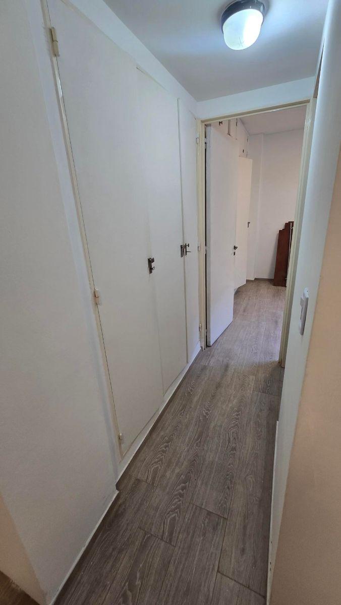 Two-room apartment facing the courtyard (contrafrente), with a living room and a separate kitchen. There is a hallway with a built-in storage cabinet, a full bathroom, and a bedroom with a built-in storage cabinet. Dimensions listed in the listing are approximate.
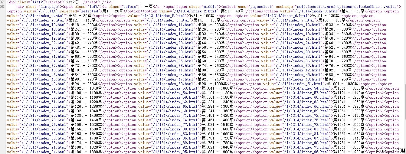 读取了第一页的数字,最后一页的数字,当前页的数字,并且知道每页输出20个,于是就可以把这些值处理后赋值到分页代码中,而被删除的option标签对,也就由js生成,一起放进select中了。有i和j这两个字段,就是显示多少章到多少章,简单的计算公式就可以实现。
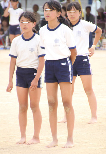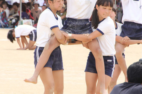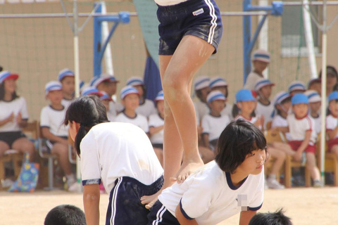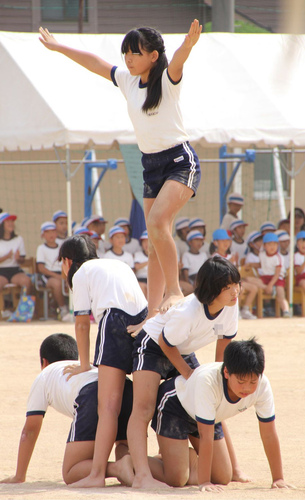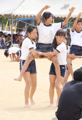 紺地白2本ライン短パンの組体操の様子続き。
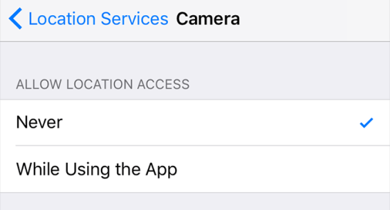 Приложение «Камера» не сможет использовать данные о вашем местоположении, и в результате ваши фотографии не будут содержать каких-либо геоданных, встроенных в них на вашем iPhone или iPad.
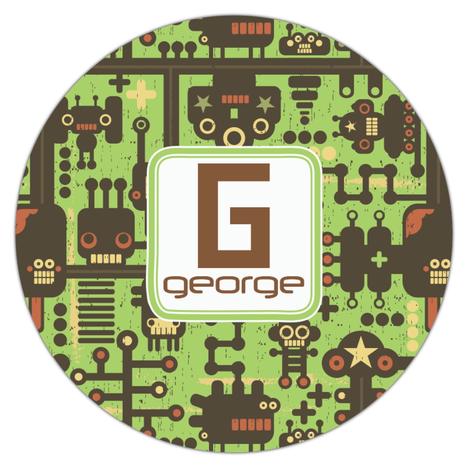 These retro robots will delight your little one and might even inspire their imagination! Brown robots of various sizes and shapes are set on a bright, lime-green background, with cool pipes and wiring adding to the whimsy.
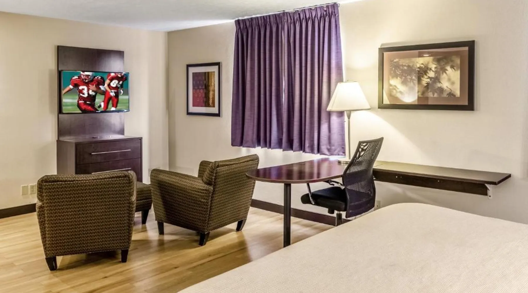 This Taylorsville, Indiana hotel is 4 miles from Camp Atterbury. Each guest room is equipped with a flat-screen cable TV and free WiFi. A microwave and fridge are provided in every room at Red Roof Inn Columbus – Taylorsville. For added convenience, tea and coffee-making facilities are also featured. Free bus and truck parking is offered, and free newspapers are available in the lobby of this smoke-free hotel. The Atterbury State Fish and Wildlife Area is 6 miles away. Shopping at the Edinburgh Premium Outlets can be reached in 2 minutes’ drive. Featuring a flat-screen cable TV and a spa bath, this room also offers a microwave and refrigerator.
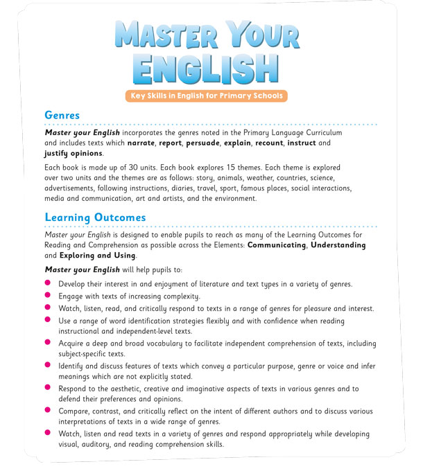 More DetailsMaster your English is a new and innovative English programme for primary schools. Its unique approach focuses on building comprehension and vocabulary skills.
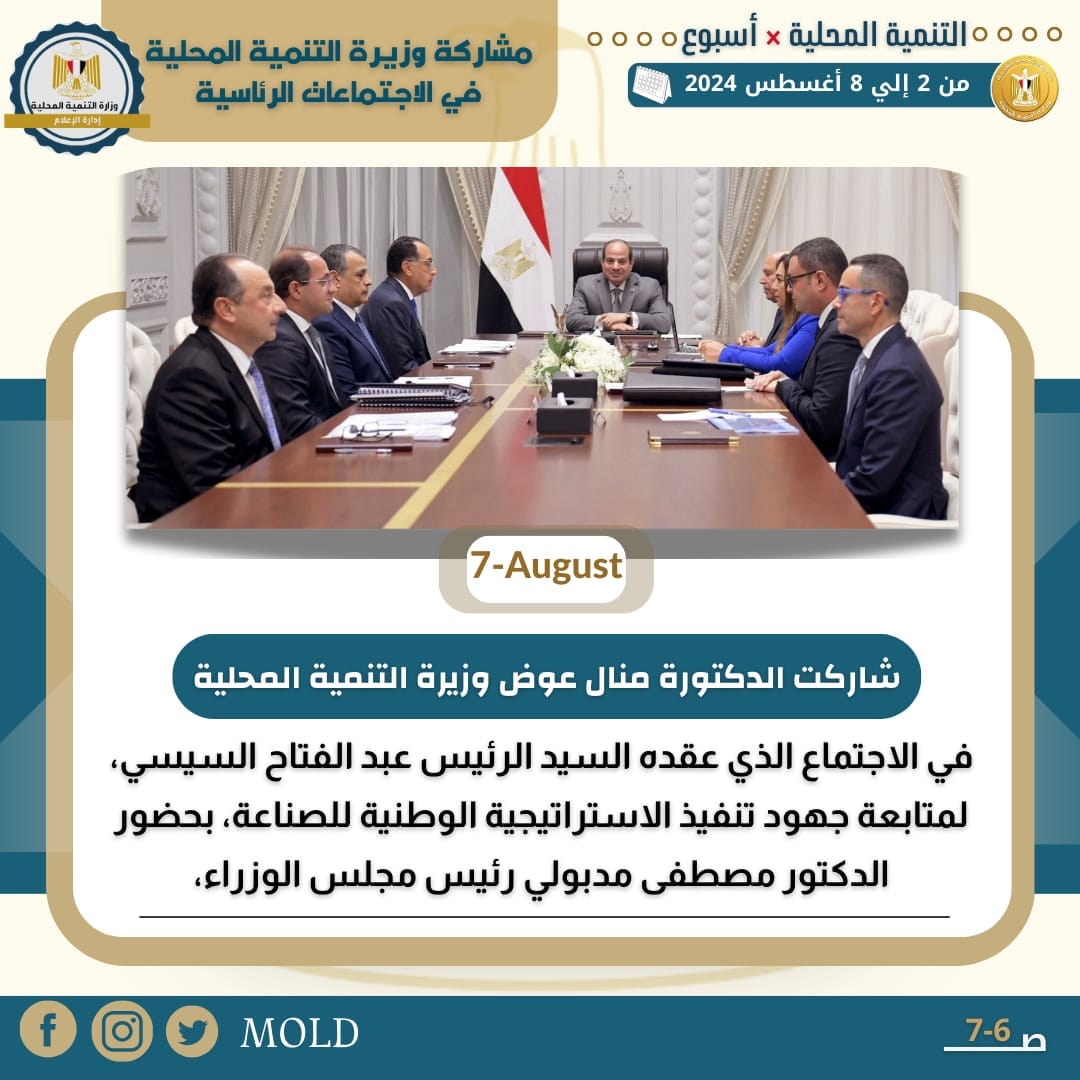 شاركت الدكتورة منال عوض وزيرة التنمية المحلية في الاجتماع الذي عقده السيد الرئيس عبد الفتاح السيسي، لمتابعة جهود تنفيذ الاستراتيجية الوطنية للصناعة، بحضور كل من الدكتور مصطفى مدبولي رئيس مجلس الوزراء، والفريق كامل الوزير نائب رئيس مجلس الوزراء للتنمية الصناعية وزير الصناعة والنقل، والمهندس محمد صلاح الدين وزير الدولة للإنتاج الحربي، والسيد أحمد كجوك وزير المالية، والمهندس شريف الشربيني وزير الإسكان والمرافق والمجتمعات العمرانية، والمهندس محمد شيمي وزير قطاع الأعمال العام، والمهندس حسن الخطيب وزير الاستثمار والتجارة الخارجية.

━━━━━━━━━━━━━━━━

**EXERCISE PROMPT**
Could you set down the material above word for word while dropping its pictures?

**RESPONSE FOR THIS EXERCISE**
 Two-room apartment facing the courtyard (contrafrente), with a living room and a separate kitchen. There is a hallway with a built-in storage cabinet, a full bathroom, and a bedroom with a built-in storage cabinet. Dimensions listed in the listing are approximate.
 读取了第一页的数字,最后一页的数字,当前页的数字,并且知道每页输出20个,于是就可以把这些值处理后赋值到分页代码中,而被删除的option标签对,也就由js生成,一起放进select中了。有i和j这两个字段,就是显示多少章到多少章,简单的计算公式就可以实现。
 紺地白2本ライン短パンの組体操の様子続き。
 Приложение «Камера» не сможет использовать данные о вашем местоположении, и в результате ваши фотографии не будут содержать каких-либо геоданных, встроенных в них на вашем iPhone или iPad.
 These retro robots will delight your little one and might even inspire their imagination! Brown robots of various sizes and shapes are set on a bright, lime-green background, with cool pipes and wiring adding to the whimsy.
 This Taylorsville, Indiana hotel is 4 miles from Camp Atterbury. Each guest room is equipped with a flat-screen cable TV and free WiFi. A microwave and fridge are provided in every room at Red Roof Inn Columbus – Taylorsville. For added convenience, tea and coffee-making facilities are also featured. Free bus and truck parking is offered, and free newspapers are available in the lobby of this smoke-free hotel. The Atterbury State Fish and Wildlife Area is 6 miles away. Shopping at the Edinburgh Premium Outlets can be reached in 2 minutes’ drive. Featuring a flat-screen cable TV and a spa bath, this room also offers a microwave and refrigerator.
 More DetailsMaster your English is a new and innovative English programme for primary schools. Its unique approach focuses on building comprehension and vocabulary skills.
 شاركت الدكتورة منال عوض وزيرة التنمية المحلية في الاجتماع الذي عقده السيد الرئيس عبد الفتاح السيسي، لمتابعة جهود تنفيذ الاستراتيجية الوطنية للصناعة، بحضور كل من الدكتور مصطفى مدبولي رئيس مجلس الوزراء، والفريق كامل الوزير نائب رئيس مجلس الوزراء للتنمية الصناعية وزير الصناعة والنقل، والمهندس محمد صلاح الدين وزير الدولة للإنتاج الحربي، والسيد أحمد كجوك وزير المالية، والمهندس شريف الشربيني وزير الإسكان والمرافق والمجتمعات العمرانية، والمهندس محمد شيمي وزير قطاع الأعمال العام، والمهندس حسن الخطيب وزير الاستثمار والتجارة الخارجية.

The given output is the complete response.